The City of Los Angeles cut the power at a Hollywood Hills mansion rented by the TikTok stars Bryce Hall, Noah Beck and Blake Gray on Wednesday in response to parties held at the residence amid the coronavirus crisis.
Mr. Hall hosted a party for his 21st birthday on Friday, Aug. 14; footage from the event posted to Instagram shows dozens of attendees crowded together in one room. After neighbors called in noise complaints, the event was shut down by the Los Angeles Police Department.
That party took place at a rental home in Encino, not the Hollywood Hills home where the power was turned off on Wednesday, though Mr. Hall has hosted parties there too. (Mr. Hall declined to comment for this article.)
On Wednesday, the Los Angeles mayor’s office confirmed that the city had cut the power at Mr. Hall’s residence. Mayor Eric Garcetti said in a statement that the city had been authorized to disconnect utilities, which include water and gas.
“Despite several warnings, this house has turned into a nightclub in the hills, hosting large gatherings in flagrant violation of our public health orders,” Mr. Garcetti said in the statement. “The city has now disconnected utilities at this home to stop these parties that endanger our community.”
On Aug. 4, the Los Angeles County Department of Public Health issued a warning about large parties during the virus outbreak. “The highest-risk settings are large in-person gatherings where it is difficult for individuals to remain spaced at least six feet apart and where face coverings are not worn,” the statement said. “The consequences of these large parties ripple throughout our entire community because the virus can quickly and easily spread.”
The next day, Mr. Garcetti announced that the city would be shutting off the utilities at any address found to be hosting large gatherings.
In his previous home, the Sway House, in the Bel Air section of Los Angeles, Mr. Hall and his housemates received noise complaints from neighbors after hosting several events early on in the pandemic.
That was before the region had an increase in coronavirus cases, leading to rising deaths and hospitalizations. Last month, California surpassed New York in terms of known cases. Still, several Gen Z influencers have been criticized for their disregard of warnings from public health officials in favor of partying.
In July, the Hype House, another influencer mansion in the Hollywood Hills, hosted a party with around 70 attendees and hundreds more outside waiting to get in. The YouTuber Jake Paul hosted a large, crowded party at his home in Calabasas in July. Other TikTok influencer houses, including the Clubhouse and Not a Content House, have hosted events this month.
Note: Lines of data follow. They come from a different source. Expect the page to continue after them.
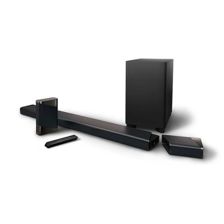 Gracias a la barra de sonido Philips Fidelio, nada se interpondrá entre el momento y tú. Tanto si se trata de sus altavoces posteriores extraíbles, que se pueden poner o quitar en cuestión de segundos durante la noche de cine, como de su sencilla forma de cambiar entre todas tus fuentes favoritas o de su perfil b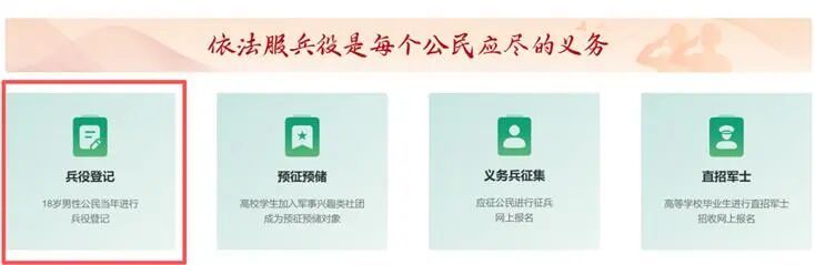 如果还未进行兵役登记,请点击“兵役登记”进入页面。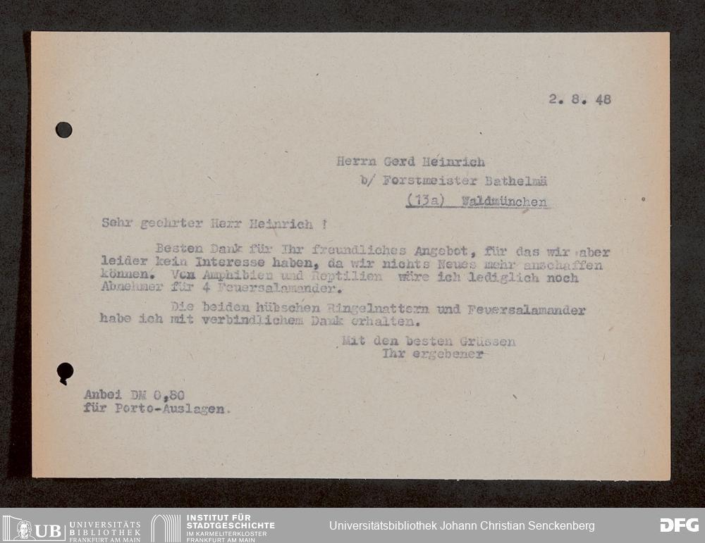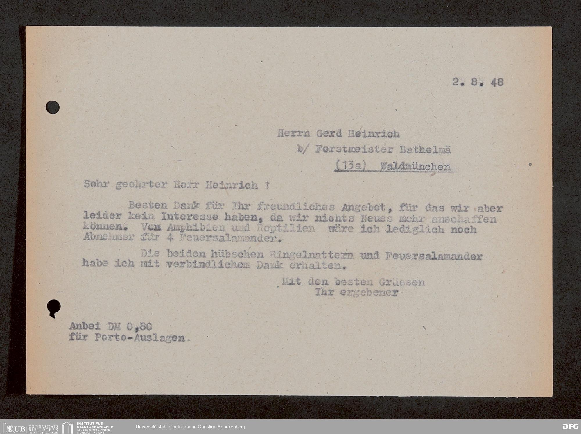 V176 Senckenberg Gesellschaft für Naturforschung, 1759-1 - Korrespondenz von Robert Mertens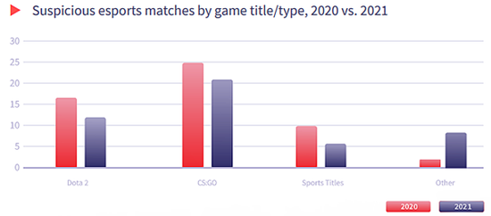 在相关电子竞技项目中CS:GO与Dota2是假赛数据最多的。Sportradar的专家阐述了这两个项目在菠菜公司中是有多么的抢手,有各种各样的比赛因素都可以成为他们的赌项。而在诸如FIFA和实况足球这种体育类的电竞项目中也检测到了疑似假赛的行为。
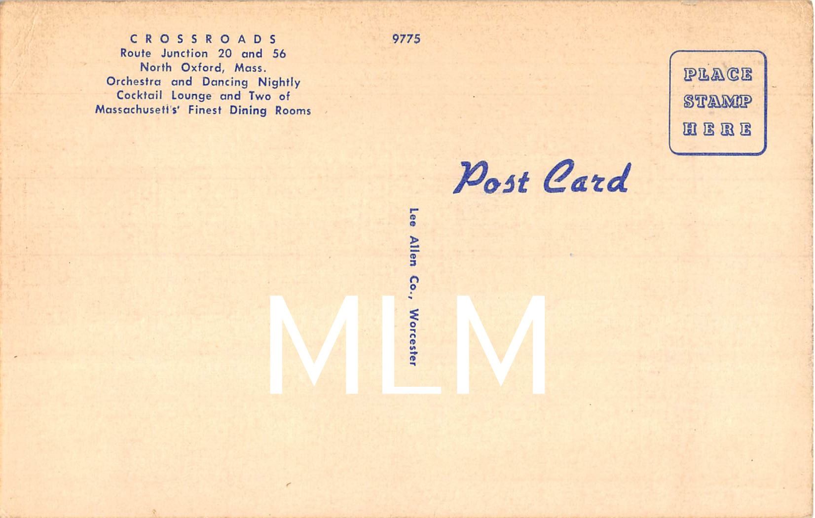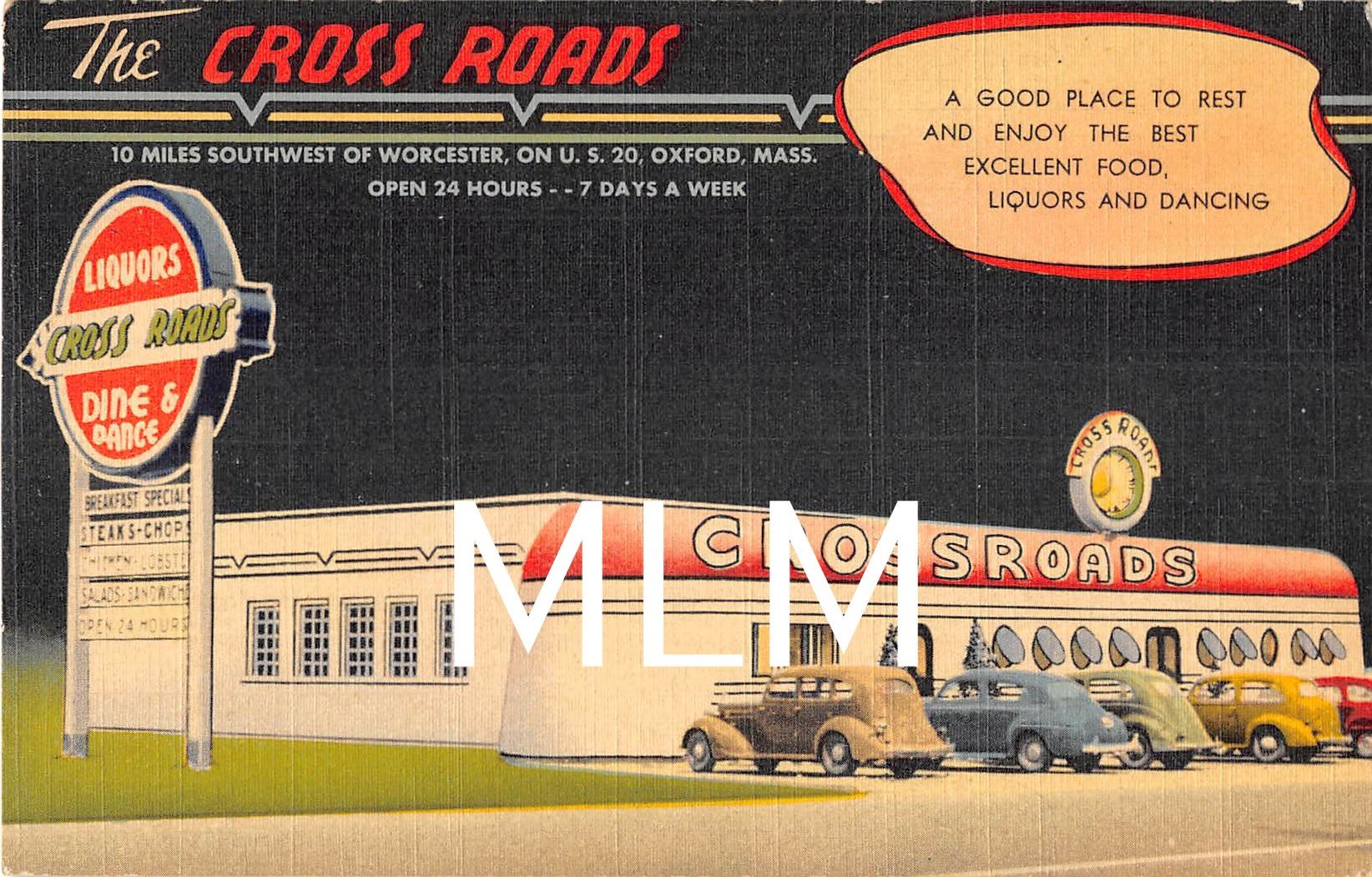 The Cross Roads Liquors, Dine & Dance Linen Restaurant Oxford, Massachusetts Postcard

The YouTuber Tyler Oakley has been an outspoken critic of the parties. On Aug. 15, he tagged Mr. Hall in a tweet.
“hi @BryceHall @jadenhossler @BlakeGray @JoshRichards & others who have been partying with large groups – please consider social distancing, mask wearing, & using your huge platforms to encourage responsibility during a worldwide pandemic,” he wrote, linking to a thread of videos from Mr. Hall’s 21st birthday party. Mr. Oakley described the footage as “disgusting.”